**INFORMATION PROVIDED**

▬▬▬▬▬▬▬▬▬▬

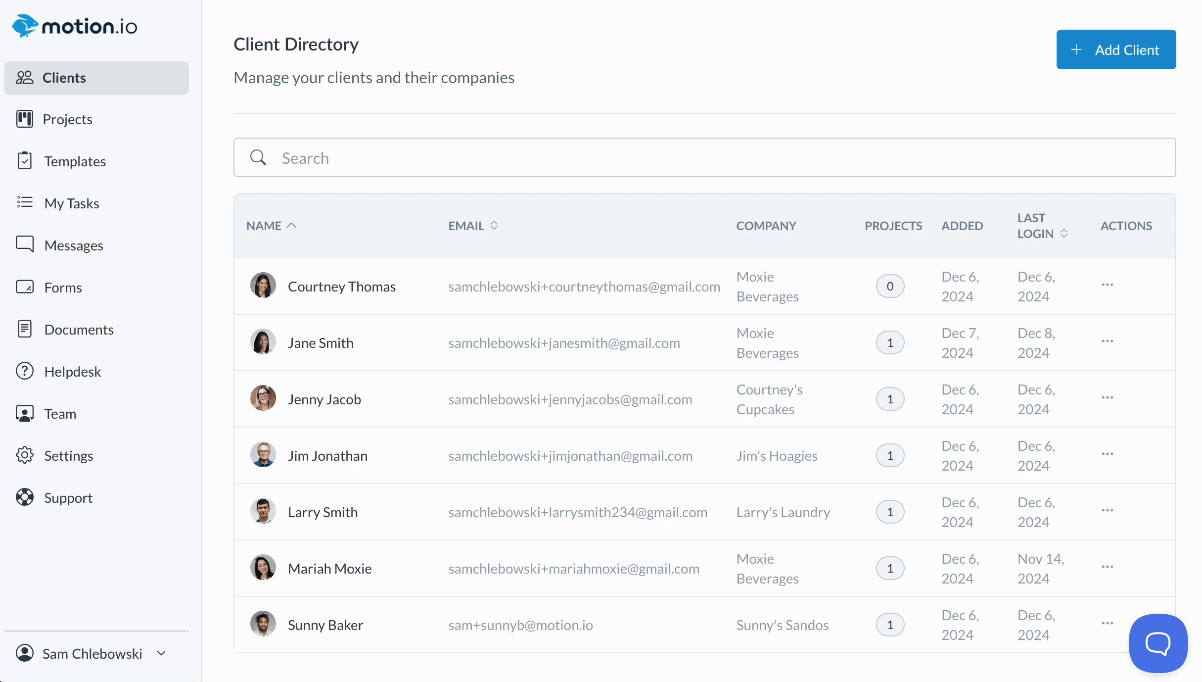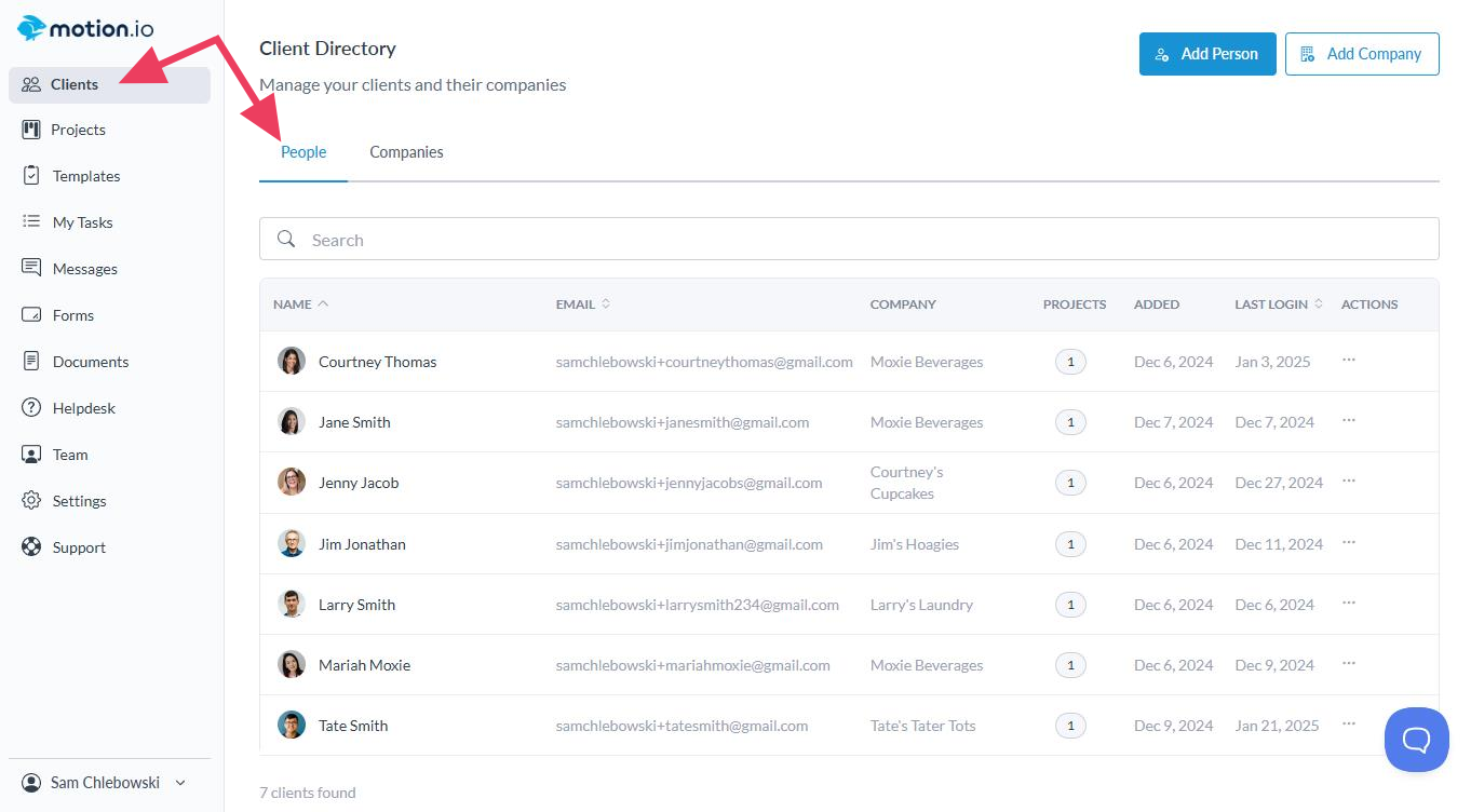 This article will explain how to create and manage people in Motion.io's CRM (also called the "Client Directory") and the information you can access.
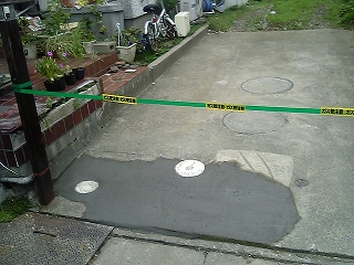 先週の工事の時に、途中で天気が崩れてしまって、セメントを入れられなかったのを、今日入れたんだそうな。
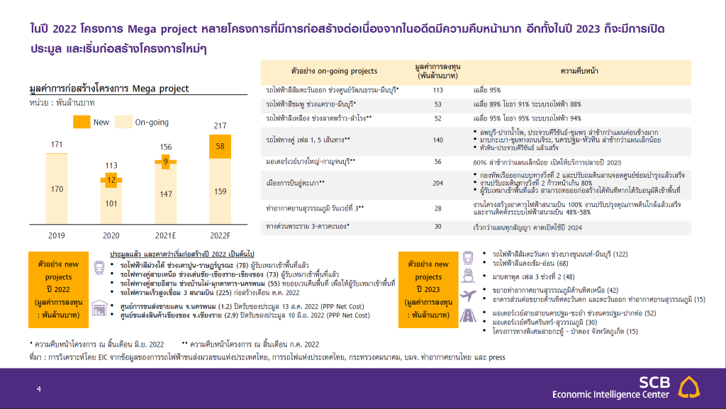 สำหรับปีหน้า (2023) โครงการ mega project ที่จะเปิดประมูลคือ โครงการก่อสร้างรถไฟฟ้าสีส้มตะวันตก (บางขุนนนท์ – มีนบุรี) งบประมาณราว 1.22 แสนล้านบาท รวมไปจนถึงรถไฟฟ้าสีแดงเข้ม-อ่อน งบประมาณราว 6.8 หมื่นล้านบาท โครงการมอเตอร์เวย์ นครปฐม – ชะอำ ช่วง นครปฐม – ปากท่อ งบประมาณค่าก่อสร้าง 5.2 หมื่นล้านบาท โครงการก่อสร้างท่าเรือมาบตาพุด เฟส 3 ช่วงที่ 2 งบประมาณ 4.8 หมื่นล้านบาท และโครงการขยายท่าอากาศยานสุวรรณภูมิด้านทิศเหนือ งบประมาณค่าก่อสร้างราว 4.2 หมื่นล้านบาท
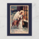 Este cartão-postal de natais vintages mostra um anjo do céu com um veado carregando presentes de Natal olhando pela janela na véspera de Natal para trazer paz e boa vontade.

▬▬▬▬▬▬▬▬▬▬

**WHAT IS BEING ASKED**
In the answer, the data should reappear exactly, with no pictures.

**RESPONSE AREA**
 This article will explain how to create and manage people in Motion.io's CRM (also called the "Client Directory") and the information you can access.
 先週の工事の時に、途中で天気が崩れてしまって、セメントを入れられなかったのを、今日入れたんだそうな。
 สำหรับปีหน้า (2023) โครงการ mega project ที่จะเปิดประมูลคือ โครงการก่อสร้างรถไฟฟ้าสีส้มตะวันตก (บางขุนนนท์ – มีนบุรี) งบประมาณราว 1.22 แสนล้านบาท รวมไปจนถึงรถไฟฟ้าสีแดงเข้ม-อ่อน งบประมาณราว 6.8 หมื่นล้านบาท โครงการมอเตอร์เวย์ นครปฐม – ชะอำ ช่วง นครปฐม – ปากท่อ งบประมาณค่าก่อสร้าง 5.2 หมื่นล้านบาท โครงการก่อสร้างท่าเรือมาบตาพุด เฟส 3 ช่วงที่ 2 งบประมาณ 4.8 หมื่นล้านบาท และโครงการขยายท่าอากาศยานสุวรรณภูมิด้านทิศเหนือ งบประมาณค่าก่อสร้างราว 4.2 หมื่นล้านบาท
 Este cartão-postal de natais vintages mostra um anjo do céu com um veado carregando presentes de Natal olhando pela janela na véspera de Natal para trazer paz e boa vontade.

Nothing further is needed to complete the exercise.